## DATA
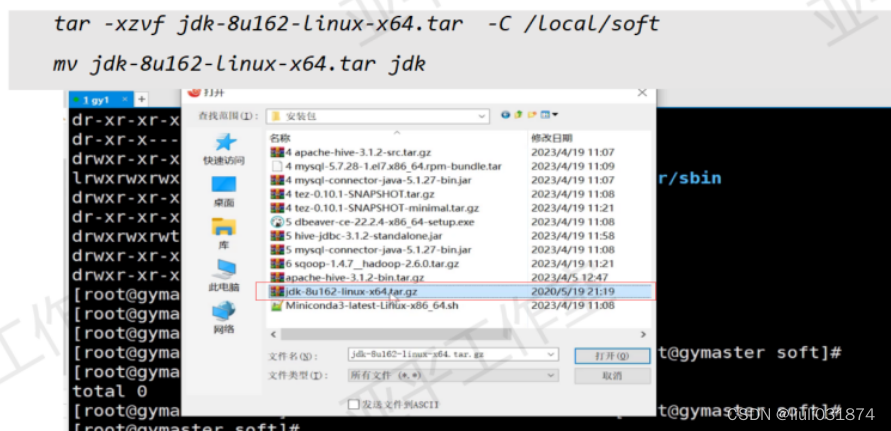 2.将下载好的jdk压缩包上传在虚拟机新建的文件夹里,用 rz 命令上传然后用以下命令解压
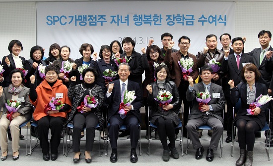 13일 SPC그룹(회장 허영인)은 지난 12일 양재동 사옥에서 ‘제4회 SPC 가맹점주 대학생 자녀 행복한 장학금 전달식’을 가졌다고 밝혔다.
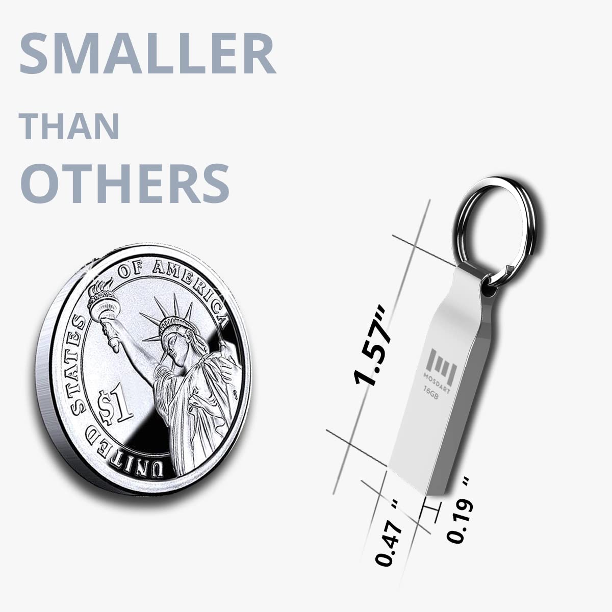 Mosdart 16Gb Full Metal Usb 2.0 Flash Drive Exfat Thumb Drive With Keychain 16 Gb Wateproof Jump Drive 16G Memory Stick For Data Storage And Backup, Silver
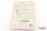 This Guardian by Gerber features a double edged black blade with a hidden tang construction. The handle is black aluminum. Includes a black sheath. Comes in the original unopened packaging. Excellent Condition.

--

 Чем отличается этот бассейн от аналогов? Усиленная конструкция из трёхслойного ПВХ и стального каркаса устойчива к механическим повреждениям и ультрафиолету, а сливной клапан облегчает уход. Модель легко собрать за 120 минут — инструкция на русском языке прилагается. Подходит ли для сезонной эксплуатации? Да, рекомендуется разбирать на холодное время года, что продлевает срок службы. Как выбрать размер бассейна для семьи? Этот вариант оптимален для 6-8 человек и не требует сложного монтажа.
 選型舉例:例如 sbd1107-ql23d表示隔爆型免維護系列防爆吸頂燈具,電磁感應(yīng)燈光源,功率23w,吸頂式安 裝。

---

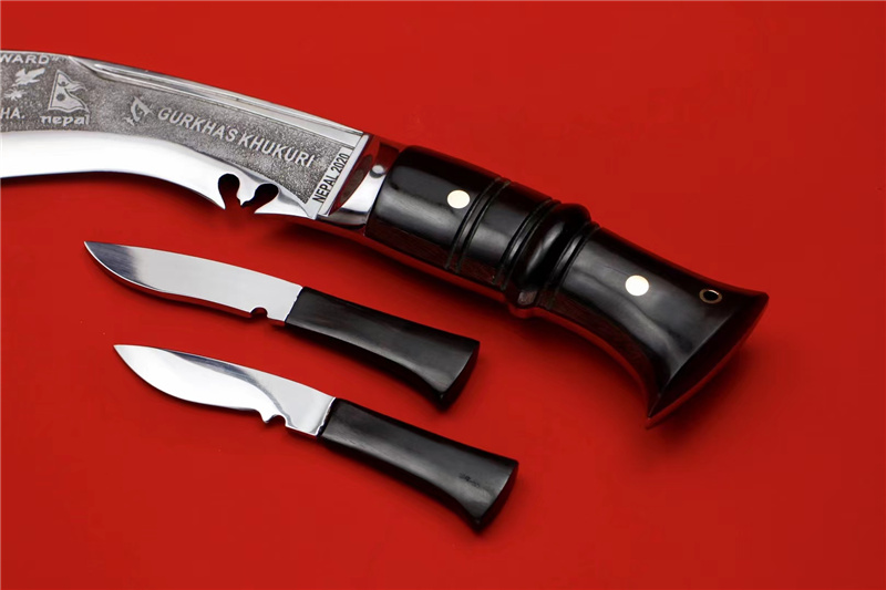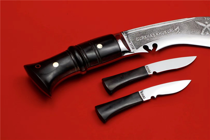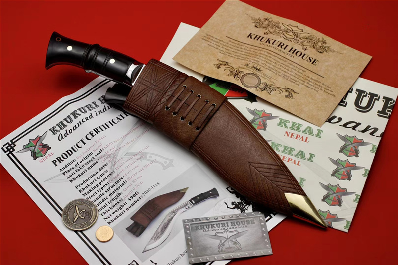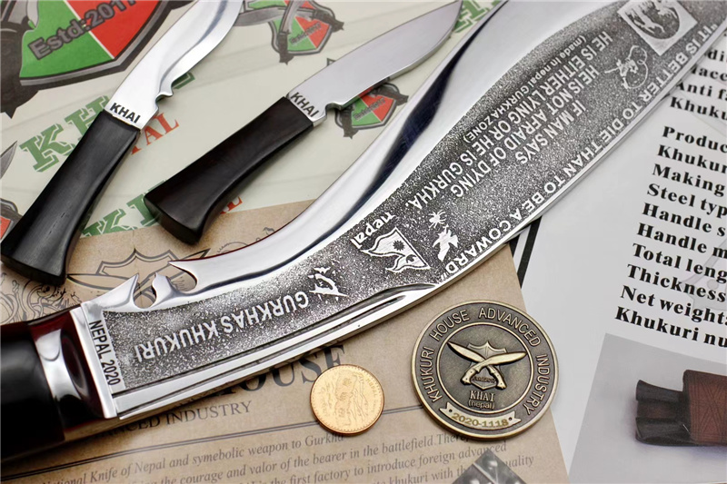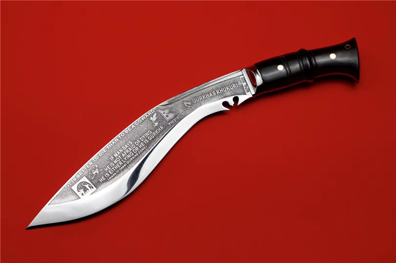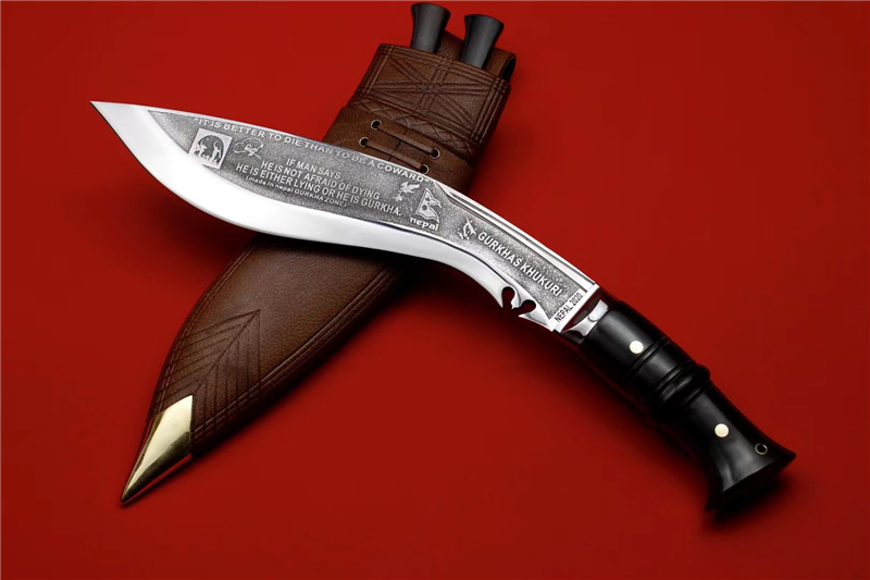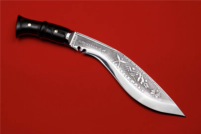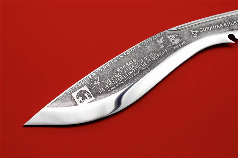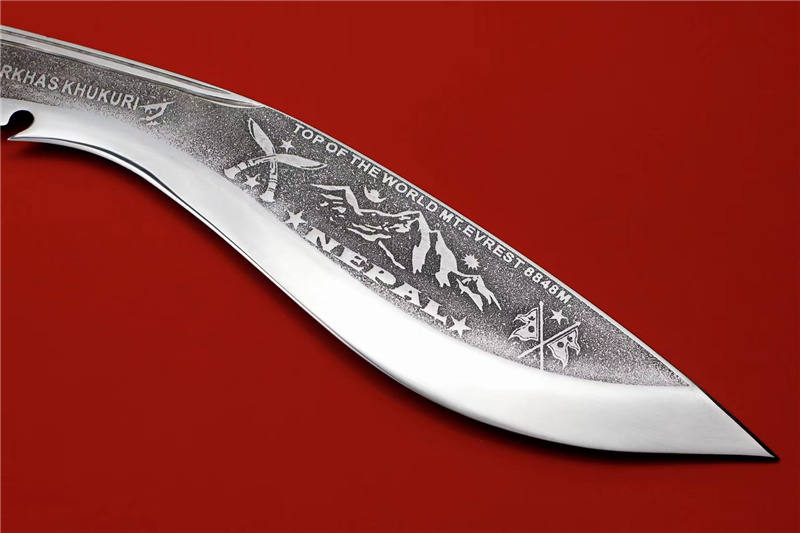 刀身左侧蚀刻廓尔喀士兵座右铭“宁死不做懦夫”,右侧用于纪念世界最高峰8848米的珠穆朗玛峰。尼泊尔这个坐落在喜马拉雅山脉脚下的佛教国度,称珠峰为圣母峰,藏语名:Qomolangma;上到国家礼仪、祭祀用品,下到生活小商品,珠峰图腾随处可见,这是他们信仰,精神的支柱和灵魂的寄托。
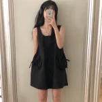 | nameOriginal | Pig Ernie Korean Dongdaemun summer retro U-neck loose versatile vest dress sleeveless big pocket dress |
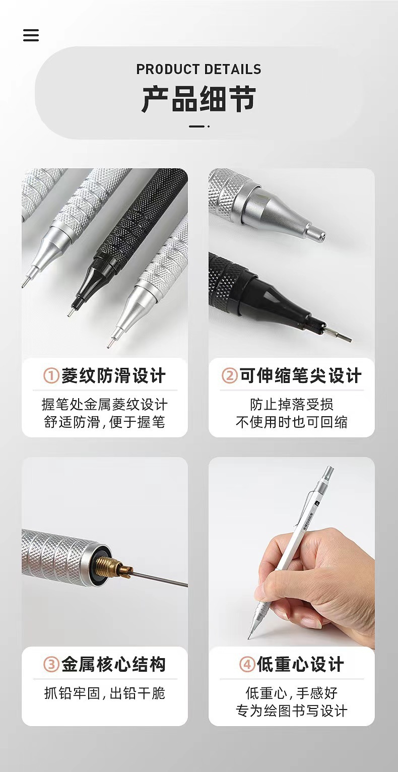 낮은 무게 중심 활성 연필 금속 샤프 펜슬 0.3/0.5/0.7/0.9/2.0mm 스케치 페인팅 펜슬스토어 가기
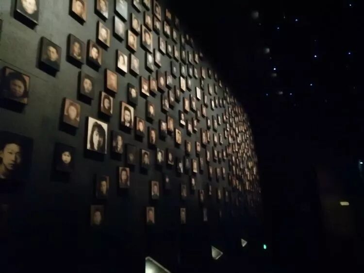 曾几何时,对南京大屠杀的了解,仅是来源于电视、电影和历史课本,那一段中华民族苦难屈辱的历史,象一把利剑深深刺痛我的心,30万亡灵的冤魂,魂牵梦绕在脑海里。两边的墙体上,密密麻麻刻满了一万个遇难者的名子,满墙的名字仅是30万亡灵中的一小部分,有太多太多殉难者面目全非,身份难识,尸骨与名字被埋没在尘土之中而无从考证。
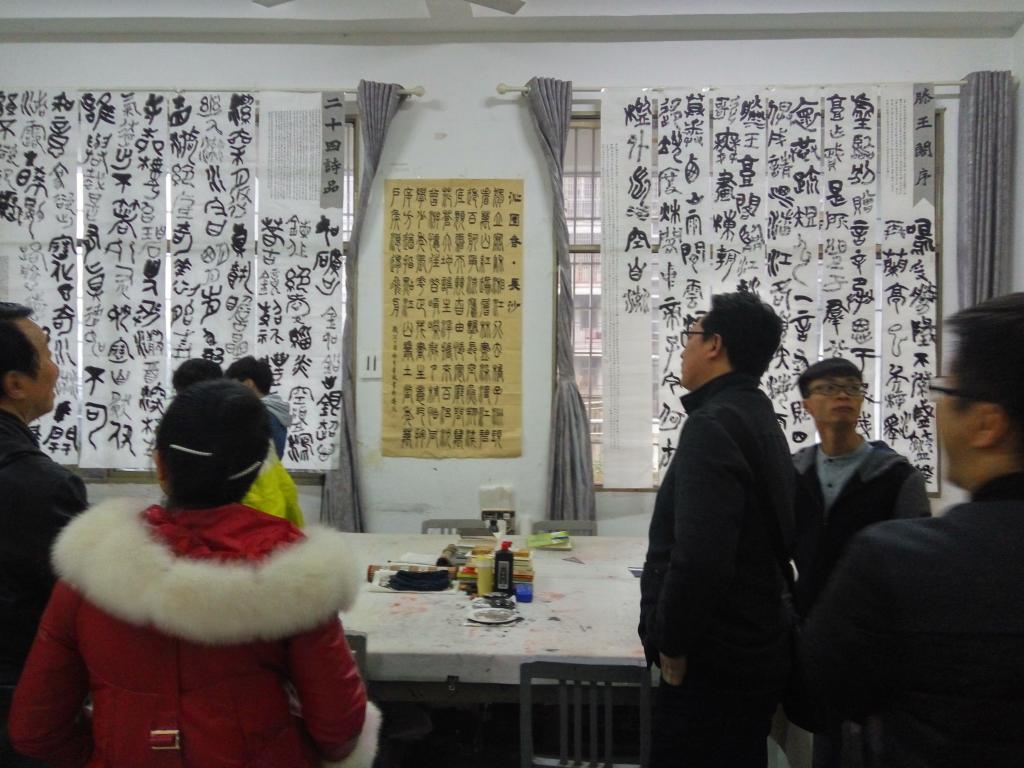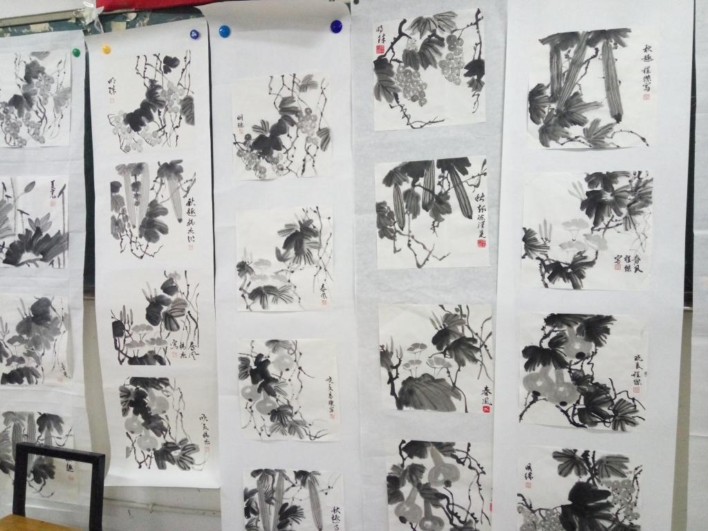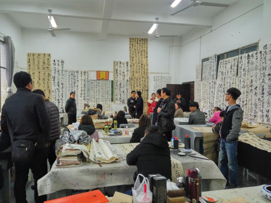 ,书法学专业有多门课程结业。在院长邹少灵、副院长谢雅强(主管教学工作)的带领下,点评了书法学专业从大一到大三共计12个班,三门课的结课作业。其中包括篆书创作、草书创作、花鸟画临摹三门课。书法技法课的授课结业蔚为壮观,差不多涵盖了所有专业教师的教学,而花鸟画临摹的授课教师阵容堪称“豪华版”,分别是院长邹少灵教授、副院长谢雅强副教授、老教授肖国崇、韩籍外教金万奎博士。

## TASK BRIEF
I'd like the lines above repeated exactly, from the one that contains "2.将下载好的jdk压缩包上传在虚拟机新建的文件夹里,用 rz 命令上传然后用以下命令解压" through the one that contains "This Guardian by", with no pictures.

## RESULT OF THIS EXERCISE
 2.将下载好的jdk压缩包上传在虚拟机新建的文件夹里,用 rz 命令上传然后用以下命令解压
 13일 SPC그룹(회장 허영인)은 지난 12일 양재동 사옥에서 ‘제4회 SPC 가맹점주 대학생 자녀 행복한 장학금 전달식’을 가졌다고 밝혔다.
 Mosdart 16Gb Full Metal Usb 2.0 Flash Drive Exfat Thumb Drive With Keychain 16 Gb Wateproof Jump Drive 16G Memory Stick For Data Storage And Backup, Silver
 This Guardian by Gerber features a double edged black blade with a hidden tang construction. The handle is black aluminum. Includes a black sheath. Comes in the original unopened packaging. Excellent Condition.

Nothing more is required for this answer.